Over the last three decades the Prison System has seen a wave of revolt by Prisoners who, in protest against the conditions of their captivity, have vented their grievances at the system in a number of ways. Hunger strikes, rooftop protests and rioting have become a common feature in British Prisons today. The cost of running over-repressive regimes was clearly demonstrated in 1990 when inmates at Strangeways Prison in Manchester caused millions of pounds worth of damage and held authorities at bay for a total of 25 days. (Strangeways: a Serious Disturbance - Nicki Jameson and Eric Allison) The sheer ferocity of destruction caused was captured on live T.V. and beamed out around the world. This incident led to calls for major reforms within the system and subsequently resulted in a shift in penal thinking.
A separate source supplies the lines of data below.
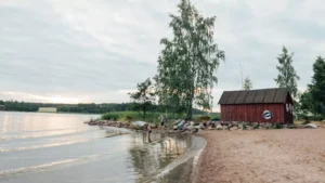 Loiva hiekkaranta. Uimarannalla on kaksi pukusuojaa ja käymälä. Kivenheiton päässä on vierasvenesatama kahviopalveluineen.
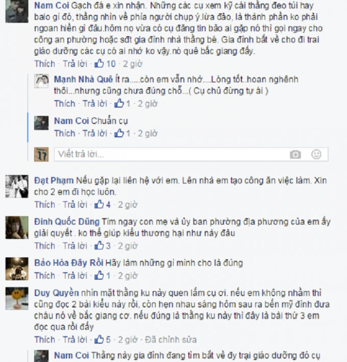 Không chỉ Facebooker Nam Coi mà rất nhiều thành viên khác cũng viết bình luận cho rằng, câu chuyện mà hai anh em nhỏ tuổi kia kể thực chất chỉ là một màn kịch đánh vào lòng thương người của những người đi đường. Tuy vậy, hành động của người đã giúp đỡ hai anh em vẫn nhận được sự ủng hộ lớn của các thành viên.
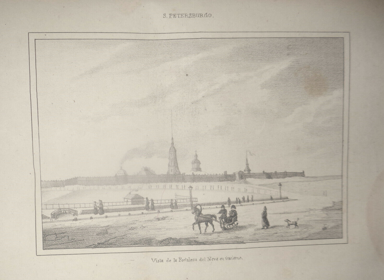 1840 S. Petersburg: Vista de la Fortaleza del Neva en invierno - engraving
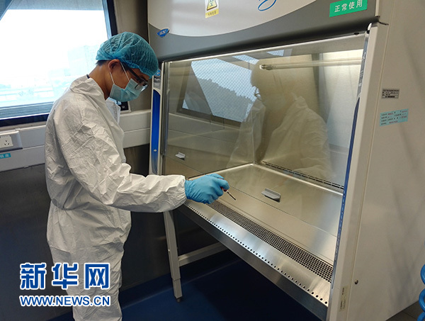 中國科學(xué)院武漢病毒研究所暖通設(shè)備工程師王亮在武漢P4實(shí)驗(yàn)室測試設(shè)備(資料照片)。 新華社發(fā)
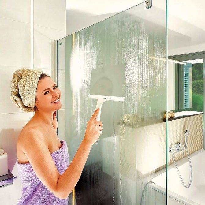 Для того, чтобы на стеклянной поверхности не оставались следы от брызг, регулярно обрабатывайте ее специальным водоотталкивающим составом. Часто стеклянные шторки продаются уже со специальным покрытием. Однако срок его действия не так уж велик – 6-7 месяцев.
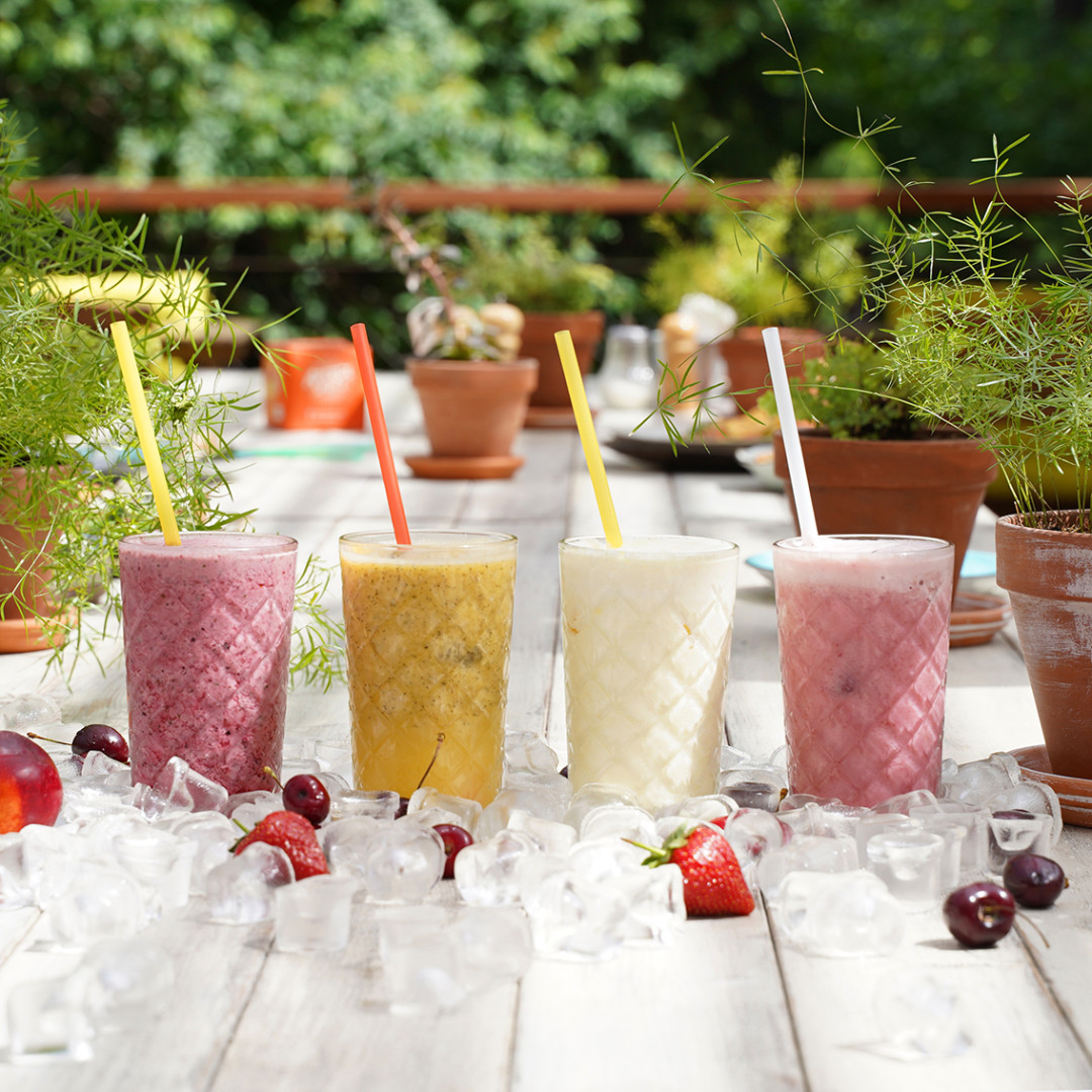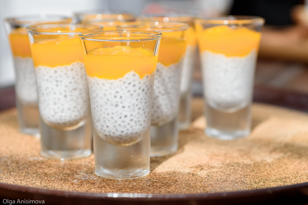 • смузи - из манго, сочной маракуйи и сока лимона, на основе кокосового молока с добавлением спелого ананаса и йогурт с чёрной смородиной и свежим базиликом;
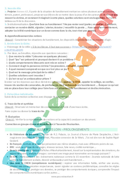 1 Fiche de préparation 5ème Le Harcèlement pdf
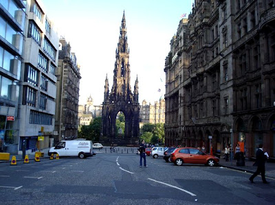 After a quick tour of the oldest house in Glasgow, and a bite to eat at a little pub, we continued our short journey to Edinburgh. It is only about an hour and a half from Glasgow, although it was hard to tell where the cities ended and began. We were terribly lost when we first got to Edinburgh (error on the part of the navigator!), but again, we got to see more of the city than planned. This monument to Walter Scott stands along the famous Prince’s Street.
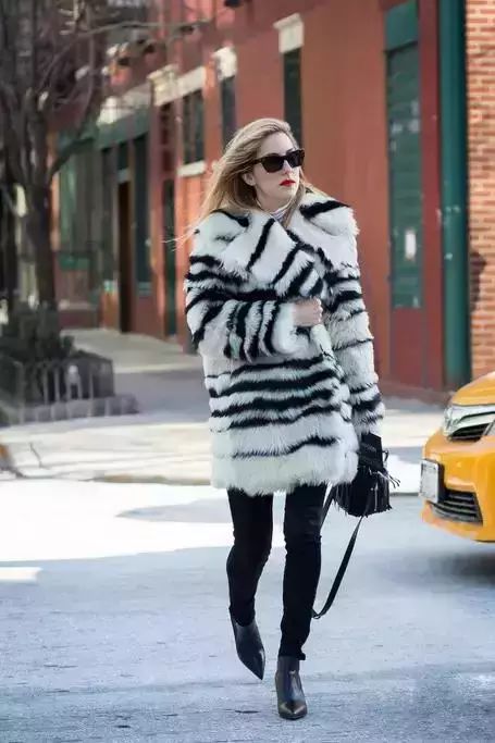 黑白条纹毛毛大衣+白色高领衫+黑色铅笔裤+黑色尖头高跟靴+黑色流苏手提包
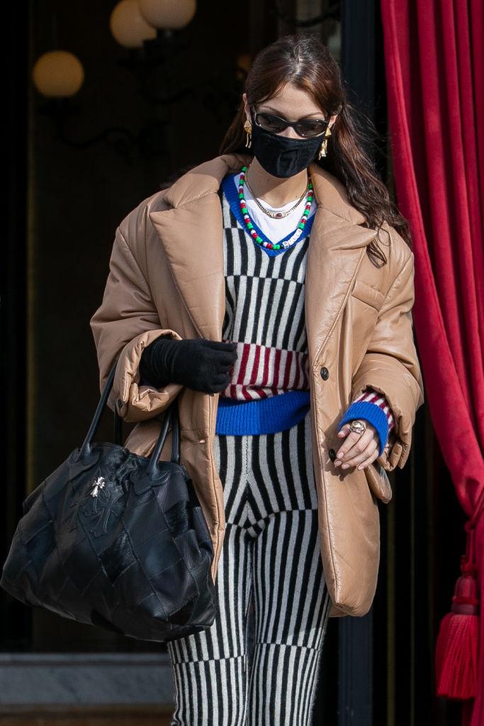 PARIS, FRANCE - JANUARY 28: Model Bella Hadid is seen on January 28, 2021 in Paris, France. (Photo by Marc Piasecki/GC Images)
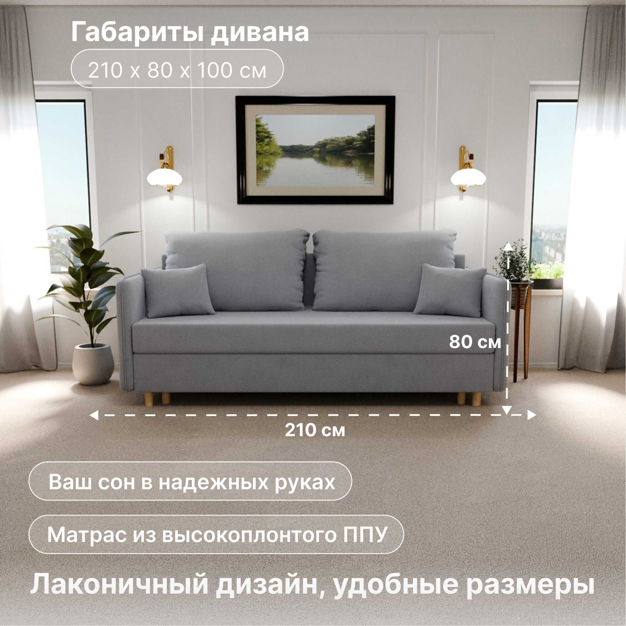 Отзывы на Диван раскладной, "Comforta", НПБ, Велютта люкс 50 размеры 210х80х100, светло-серый

Following the publication of the Woolf Report, the Government embarked on a vast refurbishment programme which promised an end to the barbaric practice of slopping out, as well as to ease overcrowding. Penal reform took a giant step forward which included the liberalisation of existing regimes. However, this trend was short-lived as the political climate again shifted from reform to revenge. As the emphasis moved away from rehabilitation to containment, Prison regimes became more austere and punitive. In September 1993 the then Home Secretary Michael Howard announced his plans to get tough on crime and tighten up what he termed as 'lax' Prison regimes in favour of the more 'austere' variety. (Guardian September 1993) Assisted along by sensationalist media coverage that portrayed Prisons as holiday camps, Michael Howard's policies came into effect reverting the Penal System back to a draconian past of repression.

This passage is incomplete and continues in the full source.